I've finally had the time to settle down and go through my life one more time. It had been a long journey. There were ups, and there would definitely have downs. However, life still goes on. 

I came across to realized that I was an extreme dreamer in the past, which results with expectations. And when expectations weren't being met, I got hurt. Anger becomes a sin when it is allowed to boil over without restraint. Anger sometimes can also be a tool to manipulate and control others. As i try to suppress anger, I do violence to my inner self. While slowly leads to depression. Then I realized, many times, you are alone. There is no one who you can blabber and a listener because either you would get scold or judged. So, what's the point?

Many times, I conceal my annoyance. 
Many times, I seek false peace.
Many times, I use silence as a form of retaliation.
Many times, I pretend to be nice to people.
Many times, I suffer from insomnia and sometimes appetite.

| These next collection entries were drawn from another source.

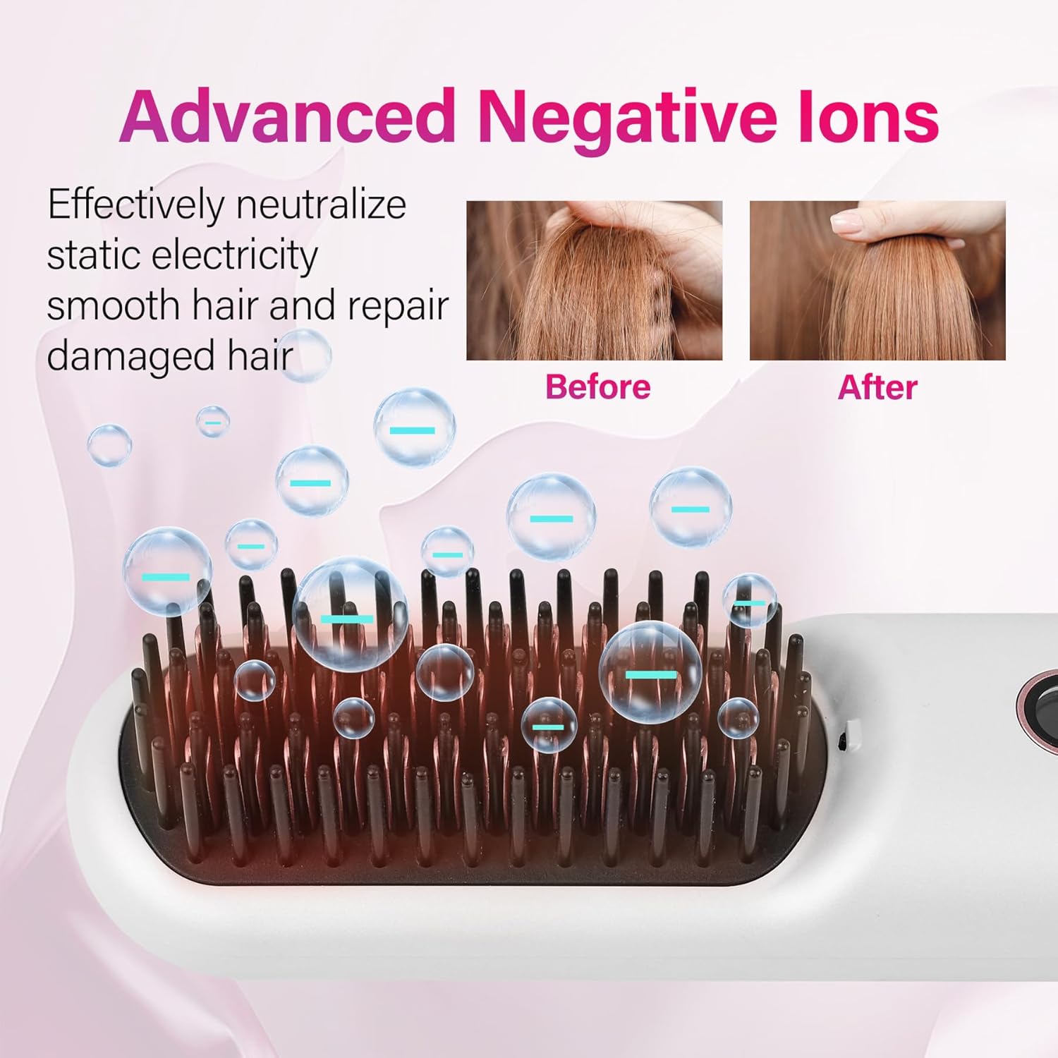Rechargeable Hot Hair Brush Straightener Heat Pressing Combs Ceramic Electric Straightening Comb, Anti Burn for Natural Black Hair Beard Wigs Holiday Gifts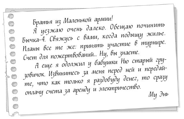 Он активировал вспомогательную систему двигателя Бычка-4 и тихонько отбуксировал его на лужайку. На задворках старого склада парень нашел старый грузовичок бабушки Ню, которым та больше не пользовалась, и погрузил на него Бычка-4 с механическими котами. К железному стеллажу, стоявшему на самом видном месте посреди склада, Му Энь прикрепил записку: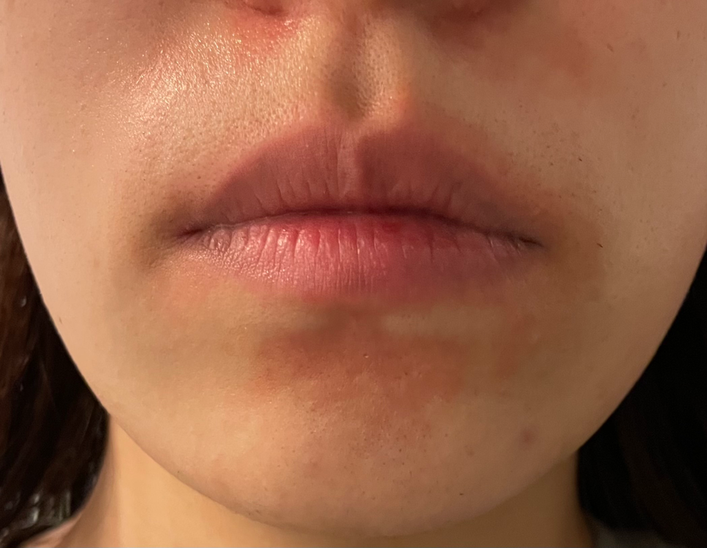 입술주위염, 접촉성 피부염과 같은 질환들을 의심해보아야 할 것이라 예상됩니다. 가까운 피부과에서 치료받아보시기를 권해드립니다.

There were times I tried to ignore, forgive, forget. I did that well 2 years ago but patients would have its limit. And it will explode. It's just timely matter. Probably I wasn't as naive as before. Sometimes, I didn't understand how did i manage to have such good patient all these years. But today, I am at my 21th, and honestly, patient wasn't an easy task as it was compare to before. 

When I was still young, marriage, love and eternal always occur in my mind. Dreams filled me. Today, I doubt. The thought of marriage frightens me. How many times had i told myself I would be independent but those were just words without actions. I was too emotionally attached. I fall in love easily and accept easily. Many times, i tried telling myself to be emotionless, independent and cool. Don't take things too seriously because in the end you will get hurt and there will be no one to rely on. We are all fragile humankind after-all. How many would treat you sincerely? *laughs*


How well do you protect your love's reputation? How much love would you give your love? How much patients would you give your love? I might not be obvious, but one day, one is gonna get tired. Many times, humans tend to commit suicide. It can be done in many ways. It's just your choice of making it fast or slow.

However, love was hard to find. And I finally understand that's why people wear masks to cover up. But my mirror was easy to look through, how shall i do now to cover back up?